__SOURCE RECORDS__

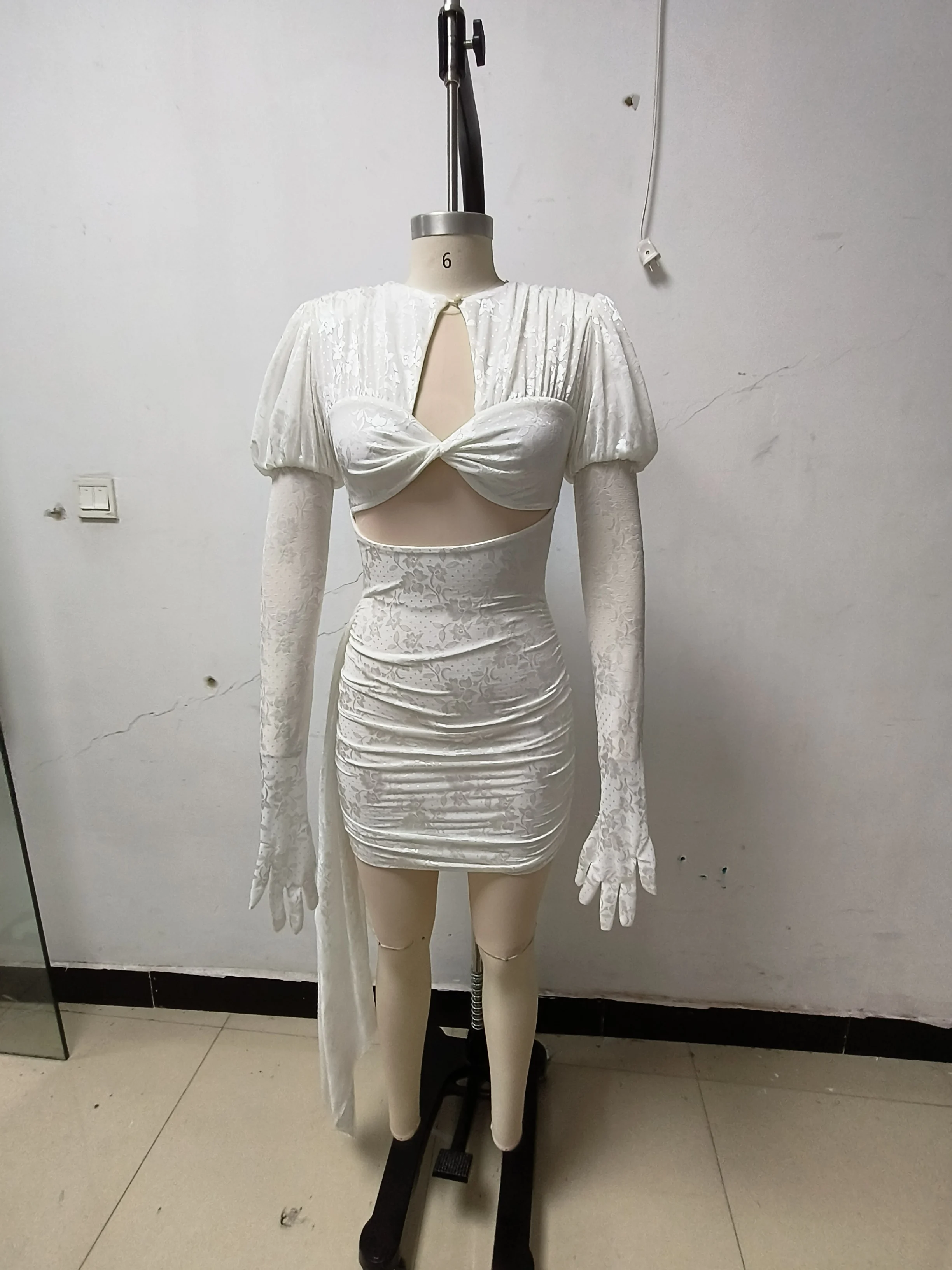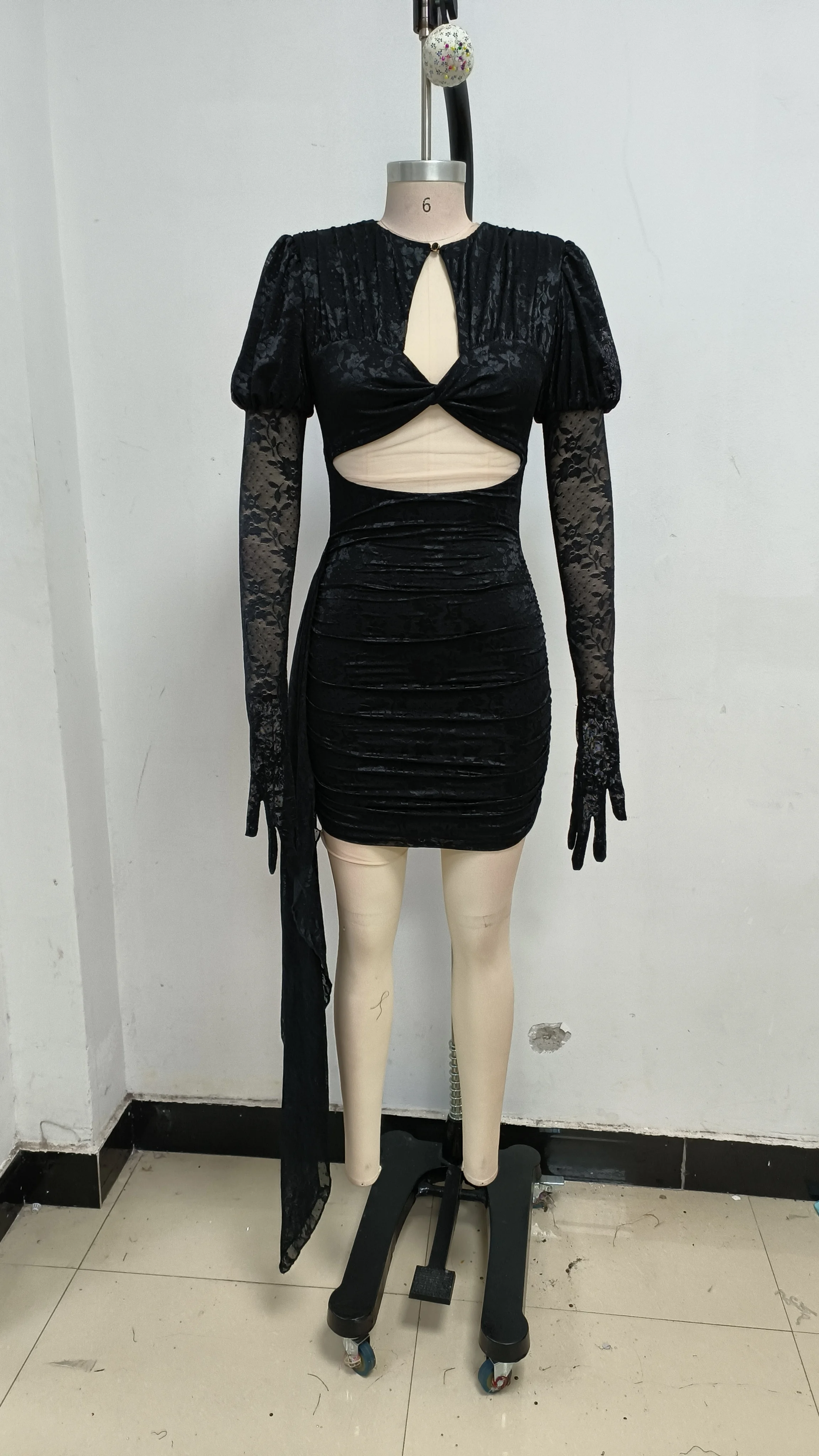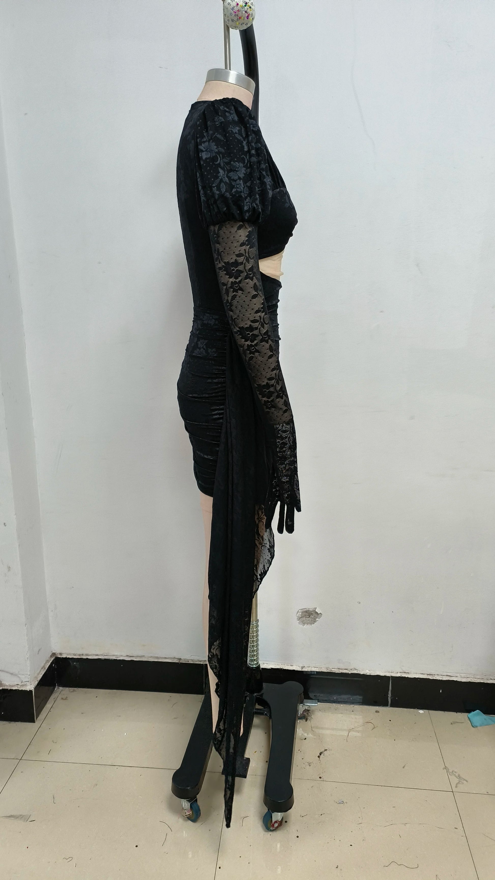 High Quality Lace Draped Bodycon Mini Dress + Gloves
* * *
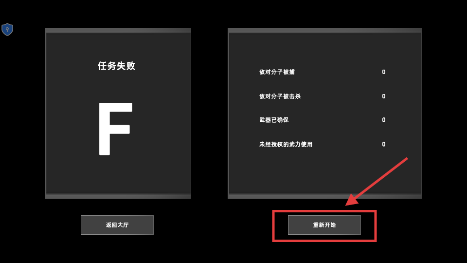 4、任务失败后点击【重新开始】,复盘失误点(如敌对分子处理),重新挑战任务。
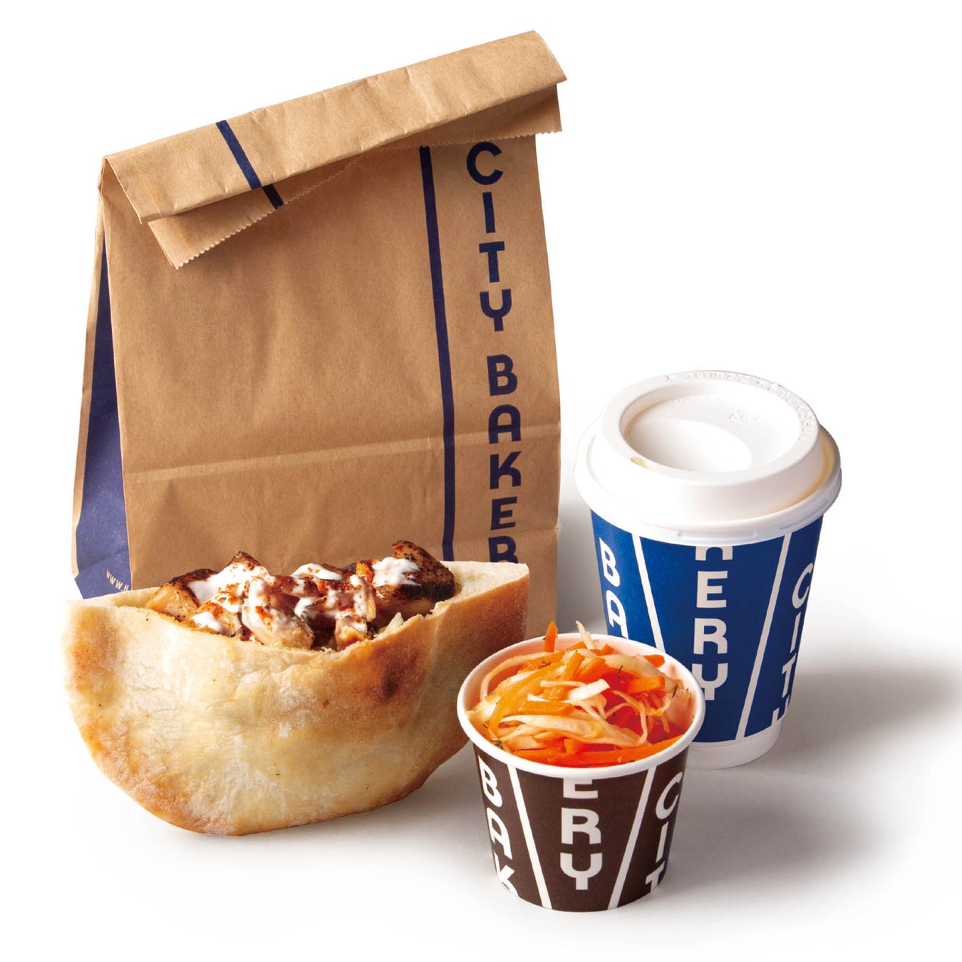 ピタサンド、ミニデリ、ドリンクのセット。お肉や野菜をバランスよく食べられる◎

__TASK TO COMPLETE__
Copy out exactly the lines above beginning with the line that contains "4、任务失败后点击【重新开始】,复盘失误点(如敌对分子处理),重新挑战任务。" and finishing with the line that contains "ピタサンド、ミニデリ、ドリンクのセット。お肉や野菜をバランスよく食べられる◎", including both; leave the pictures out.

__TASK ANSWER__
 4、任务失败后点击【重新开始】,复盘失误点(如敌对分子处理),重新挑战任务。
 ピタサンド、ミニデリ、ドリンクのセット。お肉や野菜をバランスよく食べられる◎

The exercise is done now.